> [Problem to work on]:
Below are some records. Return exactly their lines from the one containing "Figure 4: Equivalent" through the one containing "6-Loch, anthrazit |", and drop the pictures.

> [Records shown]:
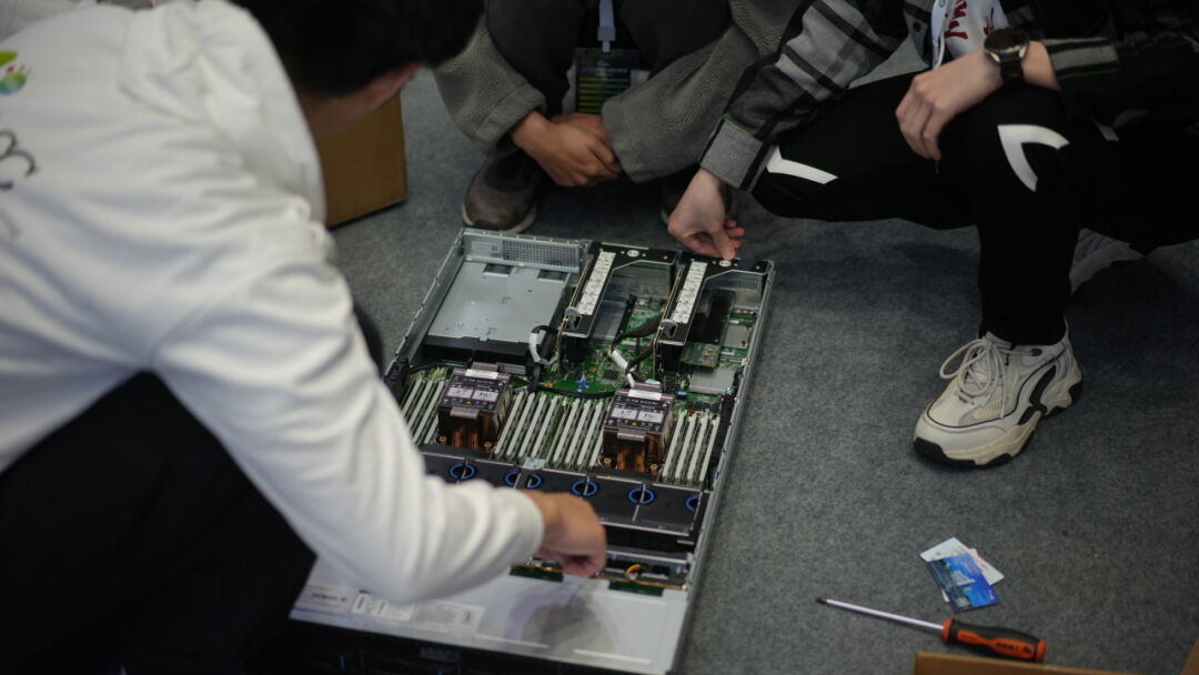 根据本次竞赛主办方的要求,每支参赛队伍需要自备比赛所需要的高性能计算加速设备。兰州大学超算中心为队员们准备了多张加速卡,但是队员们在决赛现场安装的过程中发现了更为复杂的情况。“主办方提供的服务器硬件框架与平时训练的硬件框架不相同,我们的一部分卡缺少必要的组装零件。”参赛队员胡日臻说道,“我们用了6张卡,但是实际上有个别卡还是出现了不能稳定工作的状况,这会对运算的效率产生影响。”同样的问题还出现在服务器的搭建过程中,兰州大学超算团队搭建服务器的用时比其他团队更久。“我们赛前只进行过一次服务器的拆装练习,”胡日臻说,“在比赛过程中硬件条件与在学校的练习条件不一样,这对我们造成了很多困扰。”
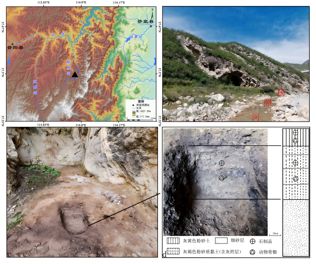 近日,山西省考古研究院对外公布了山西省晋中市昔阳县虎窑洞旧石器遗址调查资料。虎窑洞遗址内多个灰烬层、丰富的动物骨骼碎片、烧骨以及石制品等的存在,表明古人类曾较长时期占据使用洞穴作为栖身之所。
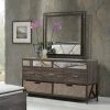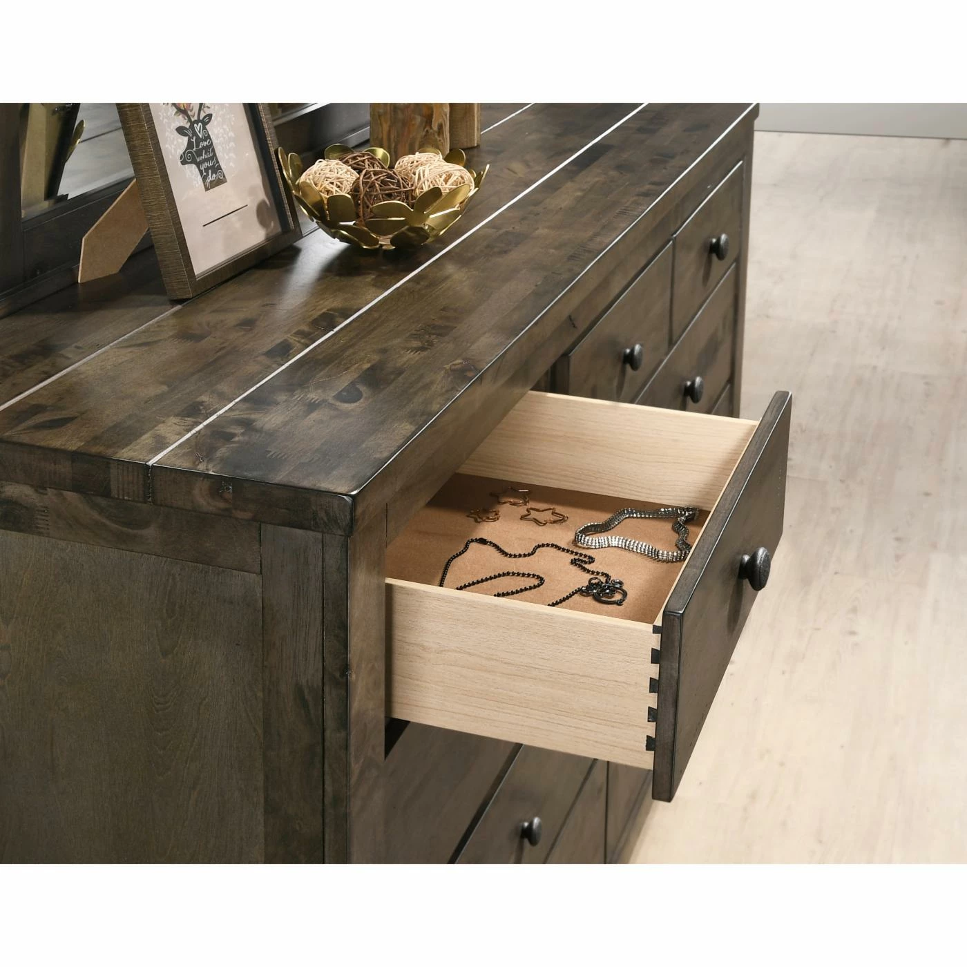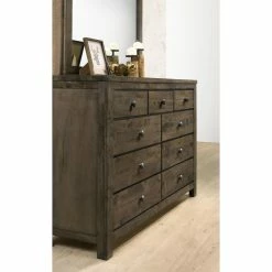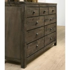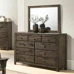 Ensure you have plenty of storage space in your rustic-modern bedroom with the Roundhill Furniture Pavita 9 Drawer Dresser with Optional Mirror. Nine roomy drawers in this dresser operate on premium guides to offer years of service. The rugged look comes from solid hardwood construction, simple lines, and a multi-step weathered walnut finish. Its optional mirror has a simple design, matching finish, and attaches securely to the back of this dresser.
==
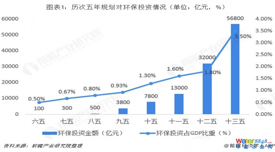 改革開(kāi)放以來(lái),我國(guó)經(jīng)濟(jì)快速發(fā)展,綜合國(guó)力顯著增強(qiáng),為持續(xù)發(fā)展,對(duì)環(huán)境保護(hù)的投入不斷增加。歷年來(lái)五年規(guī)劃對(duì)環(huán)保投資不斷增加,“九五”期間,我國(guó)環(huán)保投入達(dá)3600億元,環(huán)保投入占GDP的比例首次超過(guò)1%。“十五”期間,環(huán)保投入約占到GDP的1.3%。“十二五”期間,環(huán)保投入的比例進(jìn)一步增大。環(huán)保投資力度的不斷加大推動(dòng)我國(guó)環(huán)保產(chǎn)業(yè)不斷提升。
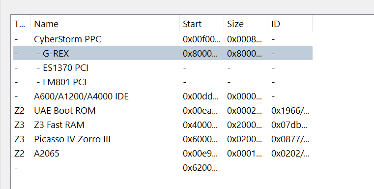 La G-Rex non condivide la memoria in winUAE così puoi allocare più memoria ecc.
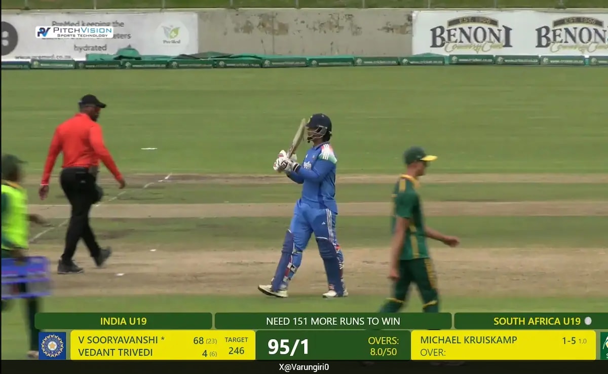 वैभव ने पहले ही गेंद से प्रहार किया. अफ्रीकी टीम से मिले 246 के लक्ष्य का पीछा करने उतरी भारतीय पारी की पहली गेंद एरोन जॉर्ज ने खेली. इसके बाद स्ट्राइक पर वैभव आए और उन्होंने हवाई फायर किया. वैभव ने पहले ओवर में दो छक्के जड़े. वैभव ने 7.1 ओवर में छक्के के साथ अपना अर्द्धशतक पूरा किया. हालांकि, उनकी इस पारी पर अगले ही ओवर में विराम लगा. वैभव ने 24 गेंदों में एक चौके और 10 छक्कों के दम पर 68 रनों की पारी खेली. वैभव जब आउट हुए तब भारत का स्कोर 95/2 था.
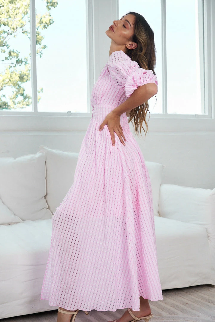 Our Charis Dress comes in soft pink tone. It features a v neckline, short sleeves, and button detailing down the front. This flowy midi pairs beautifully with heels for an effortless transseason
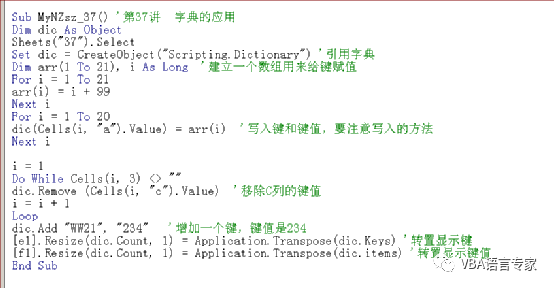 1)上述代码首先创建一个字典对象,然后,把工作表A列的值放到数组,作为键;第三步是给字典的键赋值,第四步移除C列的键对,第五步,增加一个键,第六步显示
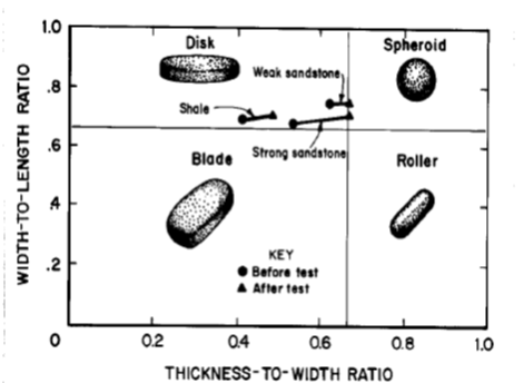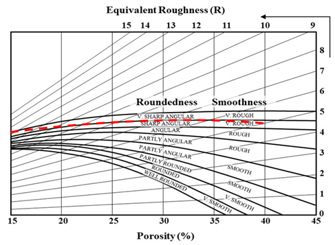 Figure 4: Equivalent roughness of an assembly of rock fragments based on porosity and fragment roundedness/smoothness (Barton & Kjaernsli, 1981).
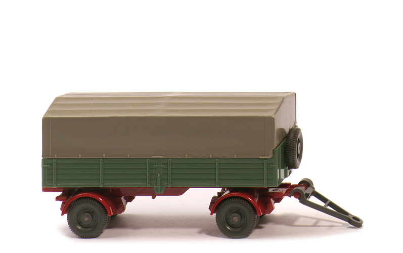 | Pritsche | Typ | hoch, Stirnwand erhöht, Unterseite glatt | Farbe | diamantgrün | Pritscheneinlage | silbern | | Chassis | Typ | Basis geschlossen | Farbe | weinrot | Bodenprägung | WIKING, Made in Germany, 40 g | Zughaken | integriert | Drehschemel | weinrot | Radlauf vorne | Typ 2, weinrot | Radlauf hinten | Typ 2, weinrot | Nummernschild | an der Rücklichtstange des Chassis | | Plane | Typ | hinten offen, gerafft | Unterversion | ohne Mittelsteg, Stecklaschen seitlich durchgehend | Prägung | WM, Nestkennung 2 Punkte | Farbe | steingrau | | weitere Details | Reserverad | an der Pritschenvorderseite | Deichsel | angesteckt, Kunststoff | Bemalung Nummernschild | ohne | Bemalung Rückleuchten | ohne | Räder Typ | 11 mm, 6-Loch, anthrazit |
--
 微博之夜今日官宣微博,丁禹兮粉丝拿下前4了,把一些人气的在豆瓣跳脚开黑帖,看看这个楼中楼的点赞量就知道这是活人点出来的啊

> [Exercise result]:
 Figure 4: Equivalent roughness of an assembly of rock fragments based on porosity and fragment roundedness/smoothness (Barton & Kjaernsli, 1981).
 | Pritsche | Typ | hoch, Stirnwand erhöht, Unterseite glatt | Farbe | diamantgrün | Pritscheneinlage | silbern | | Chassis | Typ | Basis geschlossen | Farbe | weinrot | Bodenprägung | WIKING, Made in Germany, 40 g | Zughaken | integriert | Drehschemel | weinrot | Radlauf vorne | Typ 2, weinrot | Radlauf hinten | Typ 2, weinrot | Nummernschild | an der Rücklichtstange des Chassis | | Plane | Typ | hinten offen, gerafft | Unterversion | ohne Mittelsteg, Stecklaschen seitlich durchgehend | Prägung | WM, Nestkennung 2 Punkte | Farbe | steingrau | | weitere Details | Reserverad | an der Pritschenvorderseite | Deichsel | angesteckt, Kunststoff | Bemalung Nummernschild | ohne | Bemalung Rückleuchten | ohne | Räder Typ | 11 mm, 6-Loch, anthrazit |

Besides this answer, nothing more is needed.